PERNAHKAH TERBAYANGKAN TENTANG KUALITAS DIRI?
Ini yang sering membuat saya berpikir panjang. Banyak orang dengan IPK tinggi masih belum mendapatkan pekerjaan tetap? Sedang beberapa dari mereka yang terlihat biasa telah mendapatkannya. Lalu salah seorang teman menanyakan kepada saya, kenapa saya sampai saat ini masih asyik sendiri? Tentu saja ini menambah daftar teman2 yang menanyakan hal serupa pada saya, katanya saya terlihat begitu menikamati kesendirian ini? Kenapa
saya juga enggan untuk menikmati kebaruan seperti teman-teman saya?. Jawab saya singkat "Prinsip Hidup".
Aah,,, sejuta pertanyaan “KENAPA” sering membuat saya
mengamati, berpikir, merenung, dan mengingat kembali apa-apa yang membuat
demikian. Lalu bagaimana dengan Anda, apakah hal serupa juga sering terjadi
pada Anda? Pertanyaan tersebut yang terbesit dalam diri saya bukan berarti saya
tidak mensyukuri nikmat Yang Kuasa. Selayaknya manusia biasa saya sering berkata
dalam diri, “tapi teman-teman saya bisa, teman-teman saya mendapatkan apa yang
tidak saya miliki”. Intinya saya mungkin memang merasa iri tapi bukan untuk
niat dengki. Iri yang saya miliki hanya semata-mata untuk memacu, memotivasi
saya bagaimana agar saya bias terus menjadi lebih baik. Tentunya mengekor teman
yang baik-baiknya ya. He he he…
Kembali pada tagline di atas, saya sempat berpikir
sebenarnya standarisasi manusia berkualitas itu seperti apa? Apakah haruslah
cantik, jika ia maka cantik seperti apa, konstruksi model siapa, apakah
haruslah berkulit putih, langsat, gelap atau merona, berambut hitam, panjang,
lurus, keriting, coklat, ikal, ataukah pendek. Atau mungkin berbadan tinggi
semampai, kurus, gemuk, pendek dan sebagainya. Seandainya kualitas seseorng
dideskripsikan secara fisikal mungkin saya orang pertama yang belum tentu masuk
dalam kategorinya. Saya hanya setinggi 150cm, dengan badan yang tidak terlalu
kurus atau gemuk karena berat badan saya memang sering berubah-ubah alias cepat
naik turun. Bahkan wajah saya sering dikatakan tidak mirip sebagai orang jawa tulen. Terlalu chabi
(alias tembem) dan kelihatan bulat saat berkaca tanpa jilbab. Duh, duh… repot
sekali yah, bagaimana menurut Anda apa ada hal yang mulai terbesit dalam hati?

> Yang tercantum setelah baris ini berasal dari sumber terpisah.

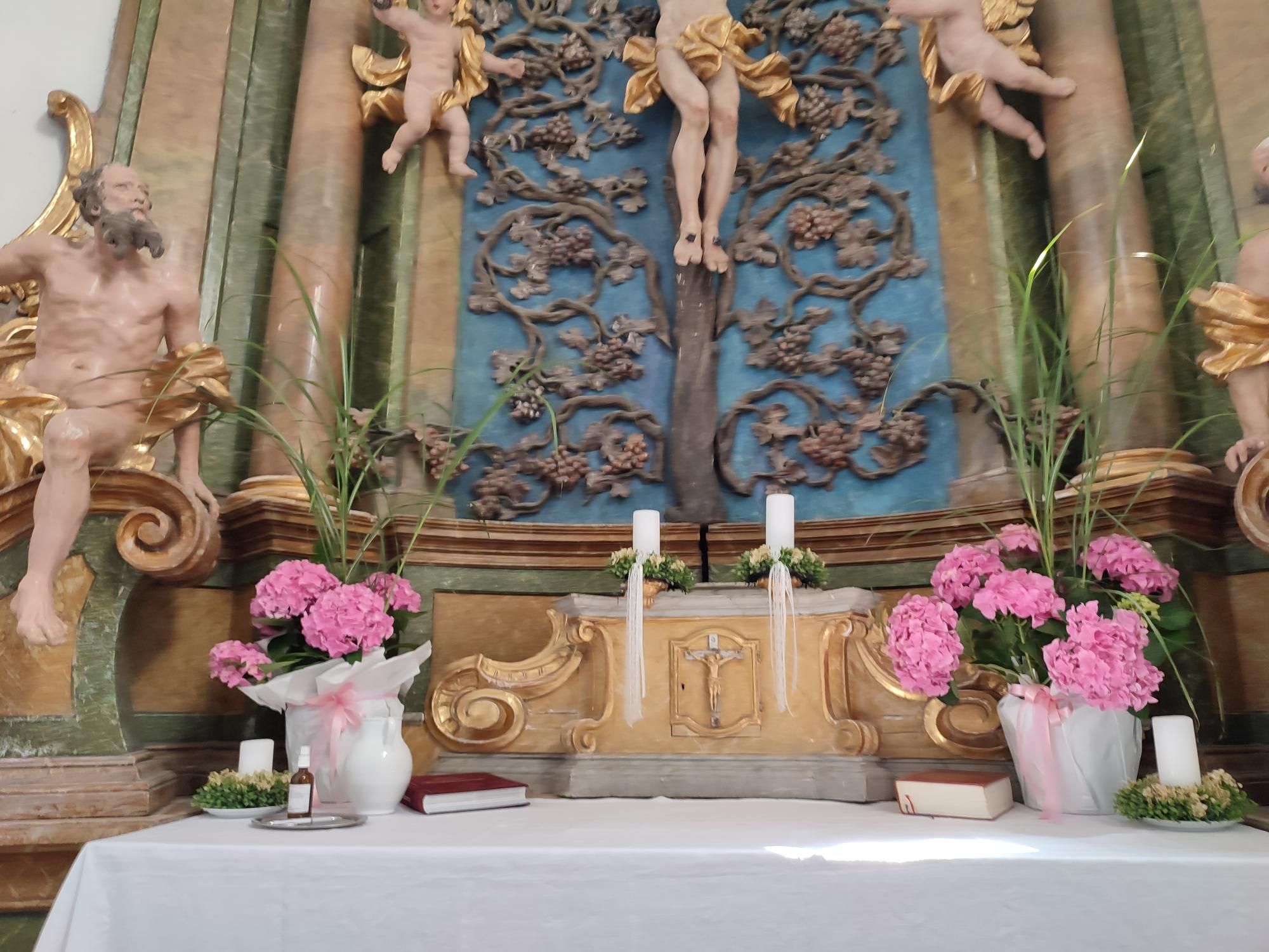 The chapel, which dominates the architectural ensemble, was built in 1516 in honor of John the Baptist. It houses the "Giuliani Altar" with its famous statue of Christ, surrounded by vines and grapes, with the inscription "I am the true vine".
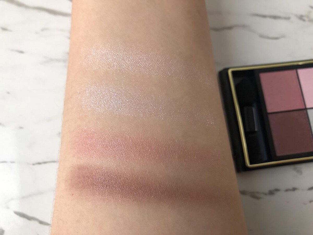 限定色 06 曙茜桔梗以日系透明感為主調,用三種溫柔的深淺粉色做漸層,右上打亮色則加入透亮感的藍色珠光,重複疊擦暈染也能保持乾淨顯色。
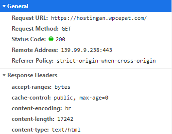 Content encoding br mengindikasikan server telah menerapkan brotli compression.
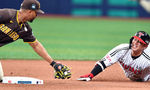 [OSEN=고척, 지형준 기자] 18일 서울 고척스카이돔에서 ‘메이저리그 월드투어 서울 시리즈 2024’ 샌디에이고 파드리스와 LG 트윈스의 연습경기가 진행됐다.4회말 무사 선두타자로 나선 LG 홍창기가 2루까지 뛰었지만 샌디에이고 2
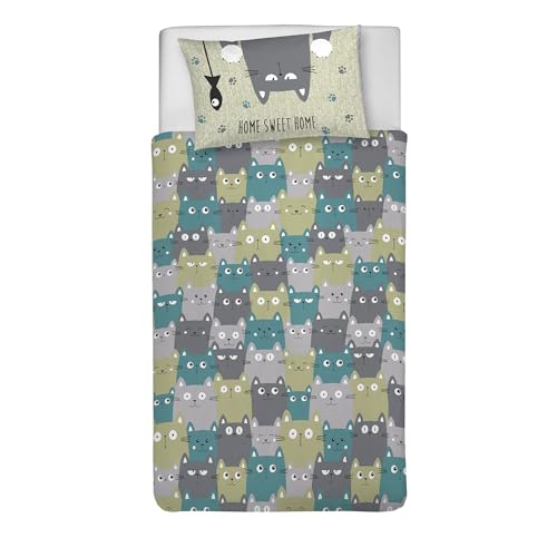 PENSIERI DELICATI Parure de lit Simple 100% Coton, avec Sac 150 x 200 cm et 1 taie d'oreiller 52 x 82 cm, fabriquée en Italie, Housse de Couette Lavable en Machine à 40 °, Fantaisie Happycat Vert

Jika ia, maka Anda sudah mulai tertular saya. Hehehe…
Kalau tadi mengupas sisi fisikal, sekarang apa kualitas
dilihat dari psikologis. (teman jangan menyebutkan psikologis dengan kata
p-sikologis yah, menurut dosen saya yang seorang psikolog “psi” dalam ejaan psikologi
dibacakan “si” jadi sikologi, atau sikiater). Kualitas diri seseorang sisi
kejiwaan, apakah harus menyenangkan, mudah bergaul, cepat berpikir dan
bertindak, banyak senyum, mampu komunikasi dengan baik? Anda seperti itu? Saya
belum, not yet.
Lalu seperti apa diri yang berkualitas secara kesehatan?
Saya mungkin satu-satunya orang yang memikirkan pertanyaan-pertanyaan gila
semacam ini. Apa buat Anda, pertanyaan-pertanyaan tersebut gila? Saya sampai
terus memikirkannya dan belum mendapatkan jawaban sampai saat ini. Lalu apakah
teman-teman saya yang telah memiliki pekerjaan adalah seseorang yang
berkualitas? Teman-teman saya yang telah berpasangan juga manusia berkualitas,
entahlah. Lalu mungkin saya bukan orang atau belum berkaulitas entahlah juga. Karena
saya hanya berpedoman pada firman Allah “ Bahwasannya setiap manusia itu sama
derajatnya dihadapan Tuhan, hanya iman dan taqwa yang membedakannya”. Nah
sekarang apa saya sudah sedemikian yang disampaian oleh Illahi Rabby, dan Anda?